Are there simple models of Euclid's postulates that violate Pasch's theorem or Pasch's axiom?

While reading a paper (pdf) about the history of modern logic, I learned that some opinions (about deductive/axiomatic mathematics) typically attributed to David Hilbert can be traced back to Moritz Pasch. After googling for Moritz Pasch, I was surprised to learn that he had found important implicit assumptions in Euclid missing from the axioms/postulates. I read on wikipedia that both Pasch's theorem and Pasch's axiom cannot be derived from Euclid's postulates.

Are there simple models similar to elliptic and hyperbolic geometry for the parallel postulate that allow to illustrate this fact in a simple way?

There are no simple models.
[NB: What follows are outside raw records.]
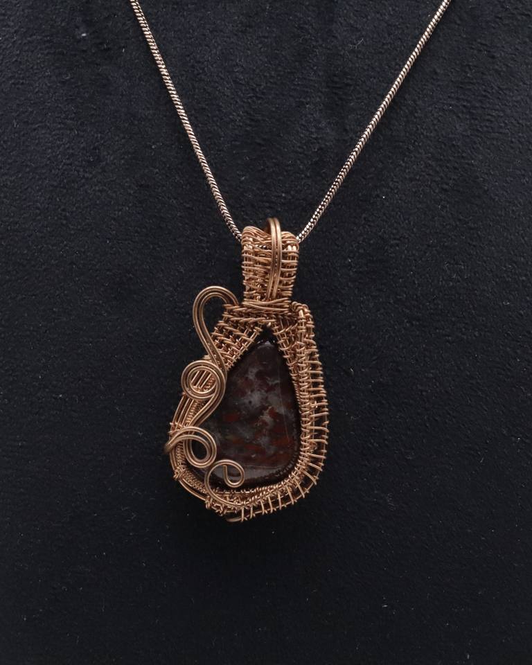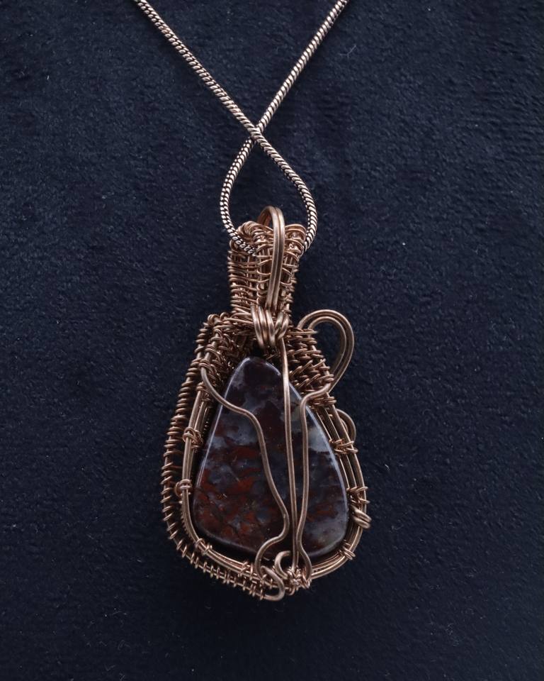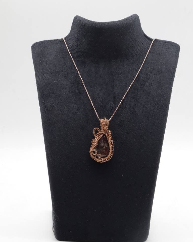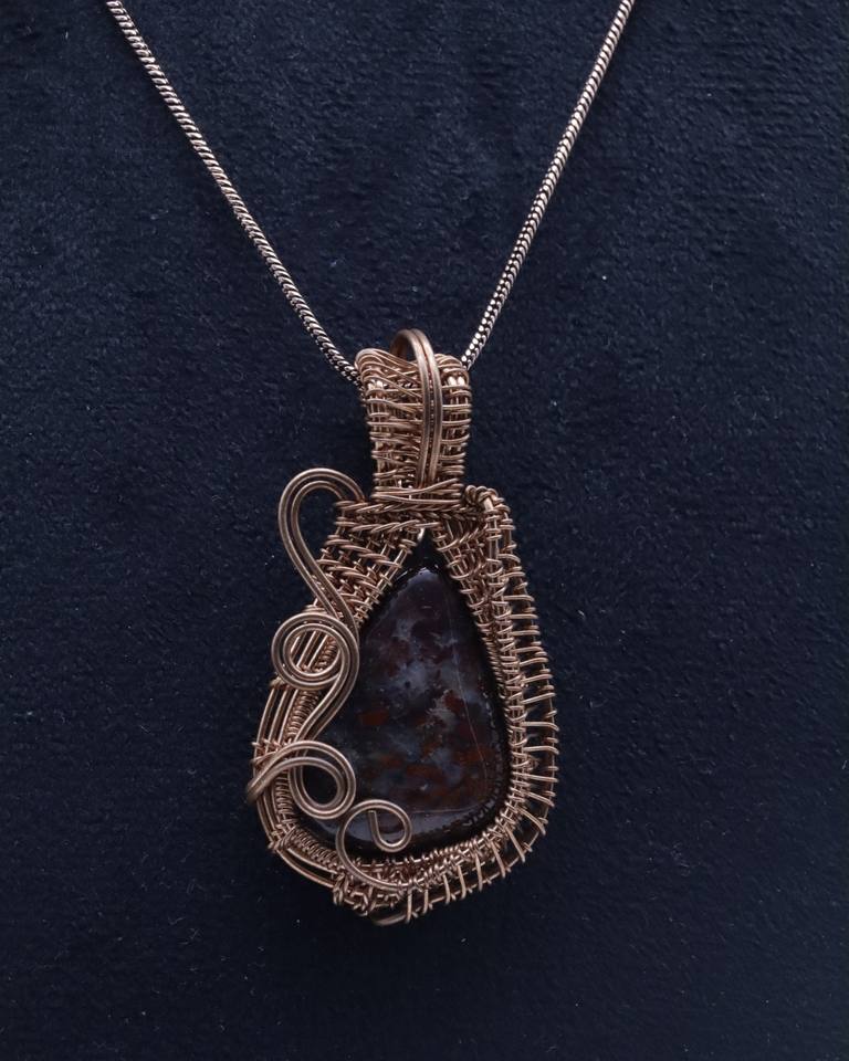 Collier en agate naturelle avec pendentif enroulé de fil de cuivre | Collier artisanal bohème en pierres précieuses
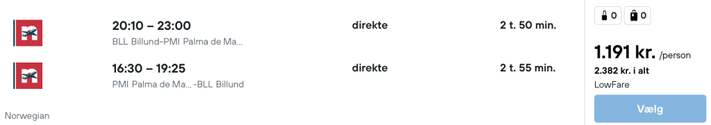 Flyprisen inkluderer kun en lille taske, men bagage kan tilkøbes.
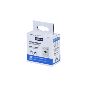 De GAMMA LED dimmer (230VAC/50Hz, 1-150W/VA) met hotelschakeling is een fase-afsnij dimmer (‘R,C’). Dit betekent dat deze dimmer geschikt is om naast dimbare Led, halogeen- en gloeilampen ook elektronische transformatoren en Led drivers te dimmen (mits deze dimbaar zijn en voorzien van de juiste specificaties t.b.v. de toepassing). Door het kunnen instellen van de minimale en maximale stand van de lamp is de dimmer af te stemmen op elke geschikte dimbare led lamp.
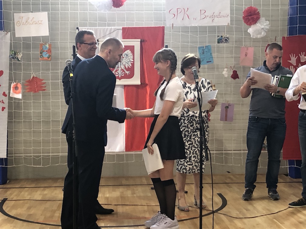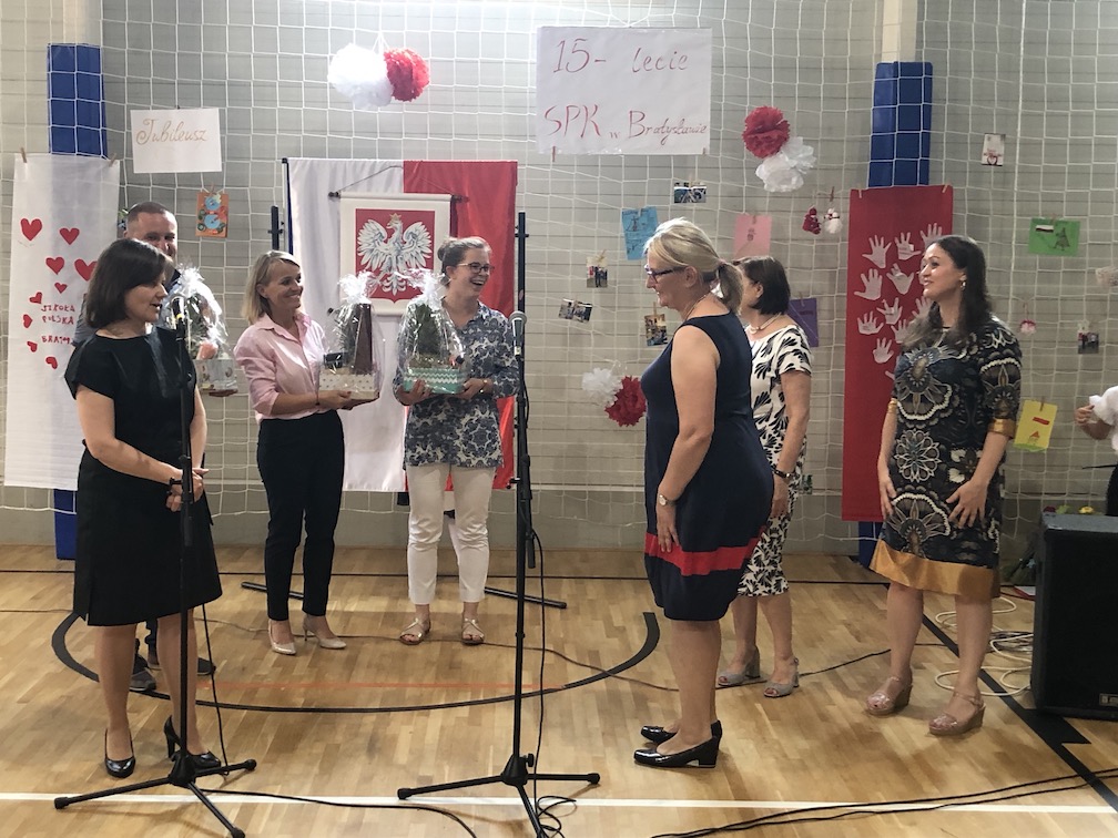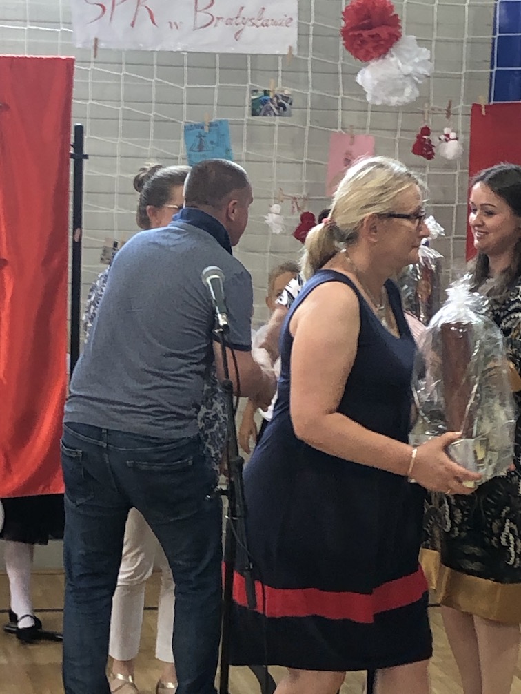 Jak przystało na jubilata, nasza szkoła przyjmowała tego dnia liczne życzenia, m. in. od nieobecnych na uroczystości, znakomitych pracowników i przyjaciół szkoły z panią dr Ireną Bilińską, założycielką i pierwszą kierowniczką SPK w Bratysławie na czele. Nie zabrakło też przepięknych kwiatów, w tym wspaniałego bukietu róż od przewodniczącej Klubu Polonus pani Katarzyny Bielik.
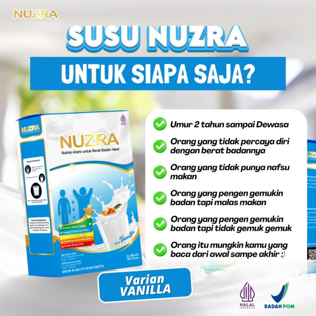 NUZRA weight gain susu kambing etawa penambah berat badan & nafsu makan HALAL BPOM RI 200gram
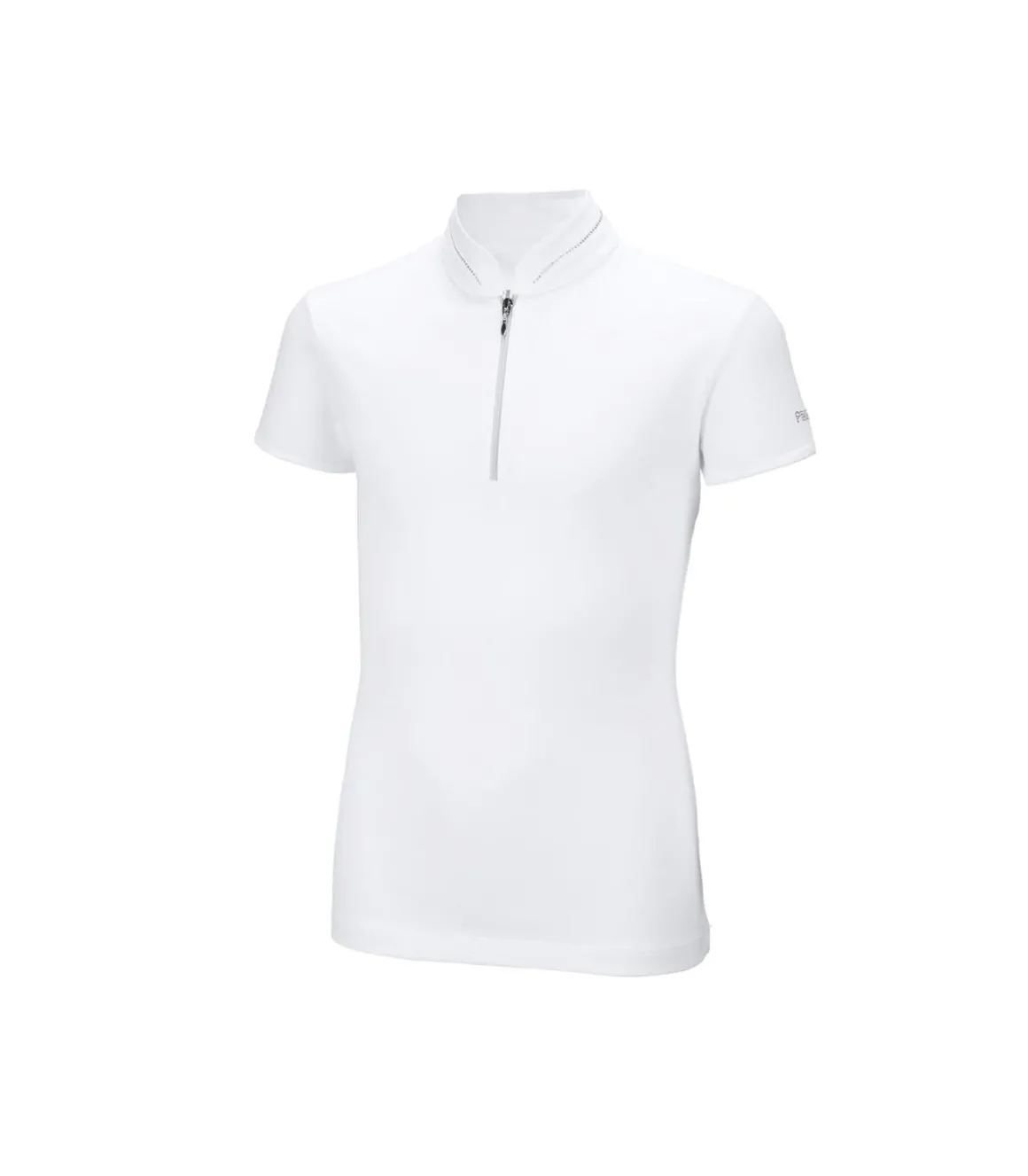 Ce ravissant dessus de concours pour enfant de chez Pikeur est sophistiqué avec sa ligne de trace sur tout le col. Le nom de la marque est également repris en strass sur le bord de la manche gauche.

To violate Pasch's Axiom in a Hilbert-type setup, we need to use a discontinuous solution of the Cauchy functional equation $f(x+y)=f(x)+f(y)$. Such a discontinuous solution requires (part of) the Axiom of Choice.

In ZF with added axiom that every set of reals is Lebesgue measurable, the Pasch Axiom is a theorem of a Hilbert-style axiomatization that leaves out the Pasch Axiom.

Remark: The first construction of a non-Paschian geometry that otherwise satisfies the full set of Hilbert's axioms is due to Szmielew. A proof that such a geometry must be of the Szmielew type was given by Adler.